Full Transformer Architecture

The Complete Picture

The Transformer architecture consists of an encoder and a decoder, each composed of a stack of identical layers. The encoder processes the input sequence, while the decoder generates the output sequence.

Now that we've explored the key components (attention mechanism, multi-head attention, and positional encoding), let's see how they all fit together in the complete architecture.

Interactive Architecture Diagram

Click on any component to learn more about its role in the Transformer architecture.

Encoder
Input Embedding + Positional Encoding
Encoder Layers Stack
Click to expand
Decoder
Decoder Layers Stack
Linear + Softmax Layer
Click to expand

Note: Click on the encoder or decoder blocks to see their internal components. Then click on any component to learn more about it.

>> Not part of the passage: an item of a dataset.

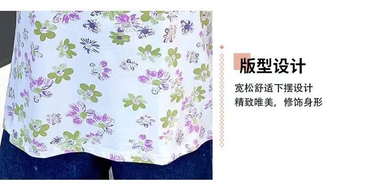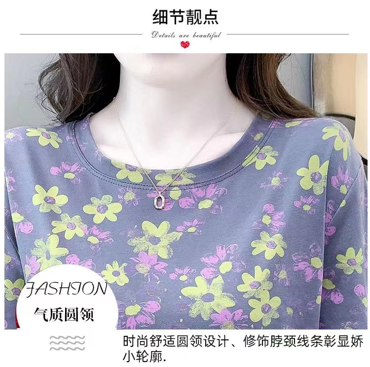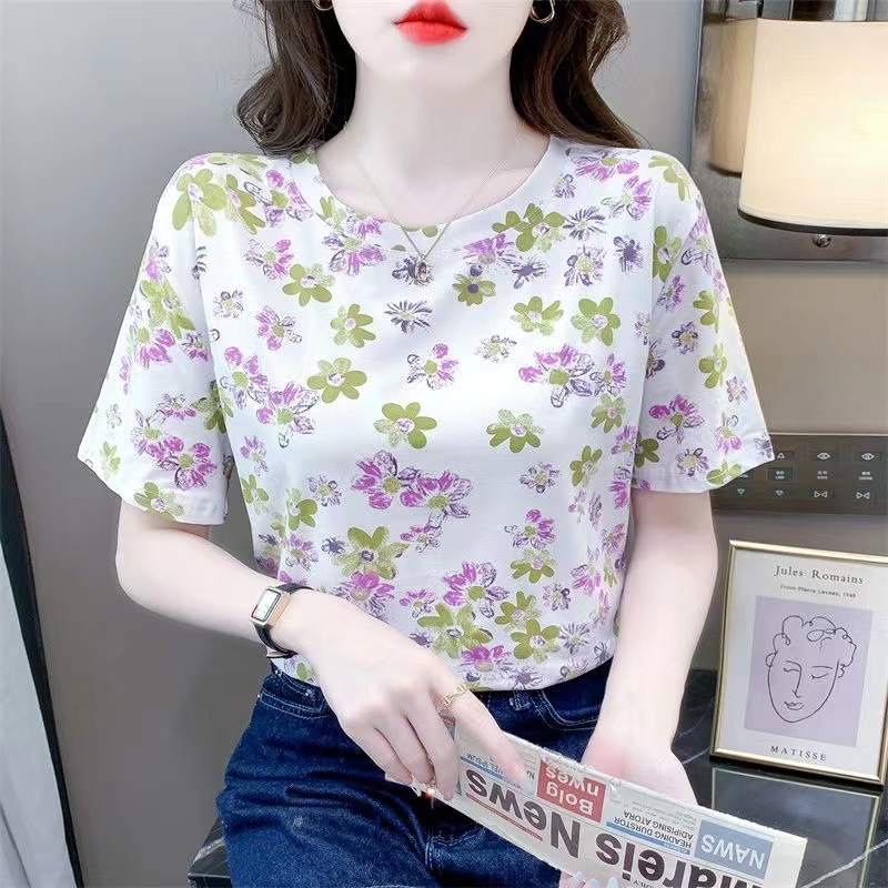 여성을위한 세련된 꽃 프린트 반팔 티셔츠 여름 새로운 느슨한 캐주얼 슬림 라운드 넥 티셔츠 탑
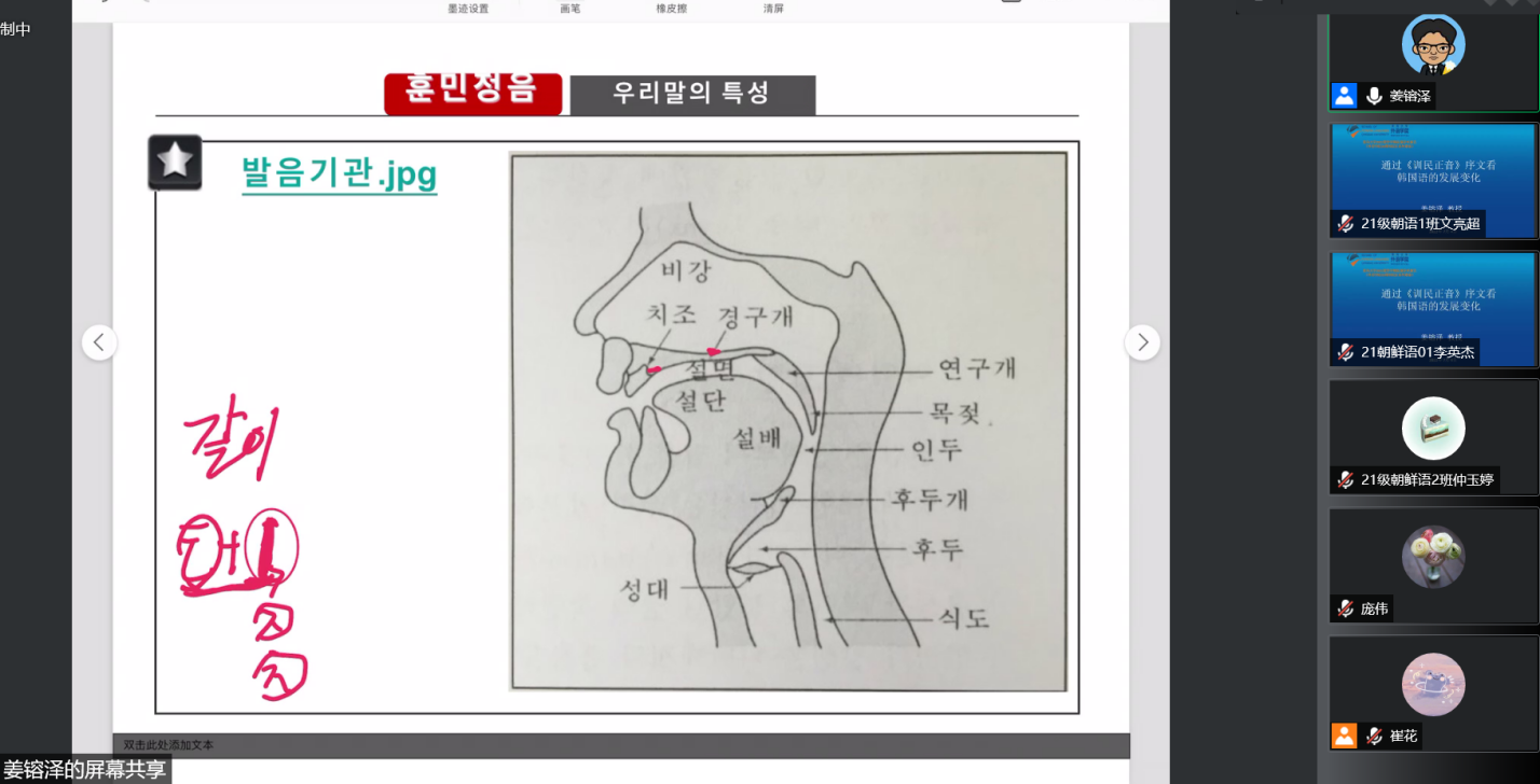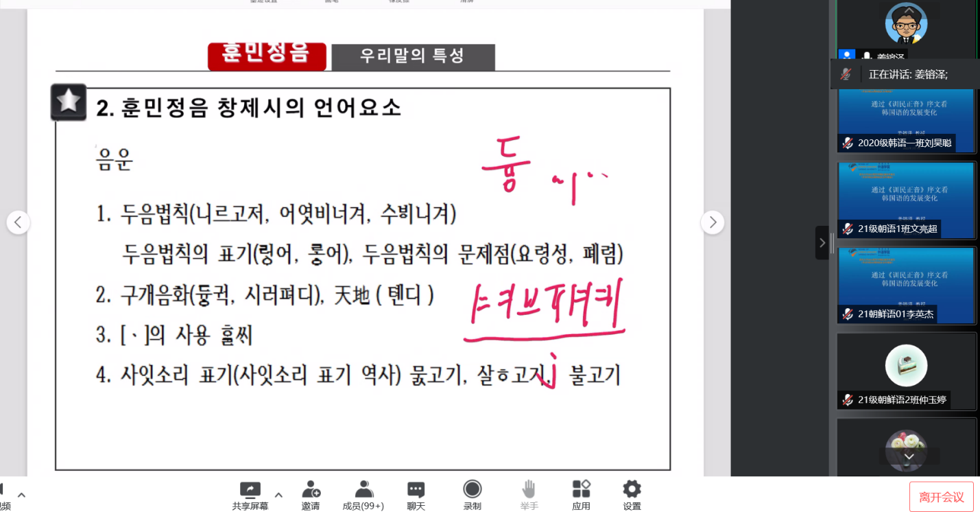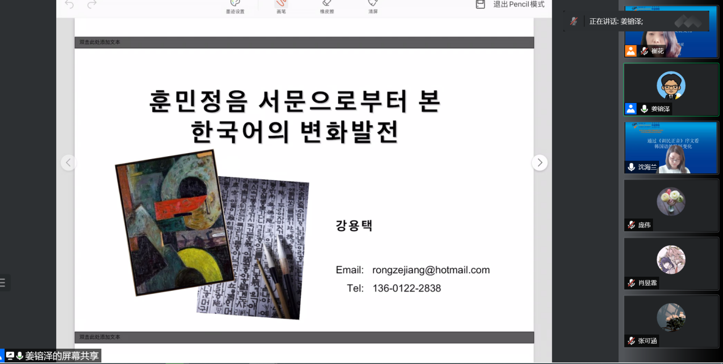 7月4日下午,中央民族大学中国少数民族语言文学学院姜镕泽教授应邀为KY开元集团官网朝鲜语系师生带来了题为“通过《训民正音》序文看韩国语的发展变化”的精彩学术讲座。此次讲座由朝鲜语系主任崔花老师主持,朝鲜语系多位老师以及全院学生通过腾讯会议参与了本次讲座。

Data Flow Through the Transformer

Let's walk through how data flows through the Transformer architecture:

  1. Input Processing: The input tokens are converted to embeddings and combined with positional encodings.
  2. Encoder Processing: The embedded input passes through multiple encoder layers, each containing:
    • Multi-head self-attention mechanism
    • Feed-forward neural network
    • Layer normalization and residual connections
  3. Decoder Input: The decoder starts with a special start token and previously generated tokens (during inference).
  4. Decoder Processing: Each decoder layer processes the data through:
    • Masked multi-head self-attention (to prevent looking at future tokens)
    • Multi-head cross-attention over the encoder output
    • Feed-forward neural network
    • Layer normalization and residual connections
  5. Output Generation: The decoder output is passed through a linear layer and softmax to produce probabilities for the next token.
  6. Autoregressive Generation: During inference, the predicted token is added to the decoder input, and the process repeats until an end token is generated or a maximum length is reached.

Transformer Variants

Since the original Transformer paper in 2017, many variants have been developed for different applications:

BERT (Bidirectional Encoder Representations from Transformers)

Uses only the encoder part of the Transformer for bidirectional context understanding. Pre-trained on a large corpus and fine-tuned for specific tasks.

GPT (Generative Pre-trained Transformer)

Uses only the decoder part of the Transformer for autoregressive text generation. Pre-trained on a large corpus and fine-tuned for specific tasks.

T5 (Text-to-Text Transfer Transformer)

Uses the full encoder-decoder architecture but frames all NLP tasks as text-to-text problems. Pre-trained on a diverse set of tasks.

Vision Transformer (ViT)

Adapts the Transformer architecture for computer vision tasks by treating image patches as tokens. Achieves state-of-the-art performance on image classification.

These variants demonstrate the versatility and power of the Transformer architecture across different domains and tasks.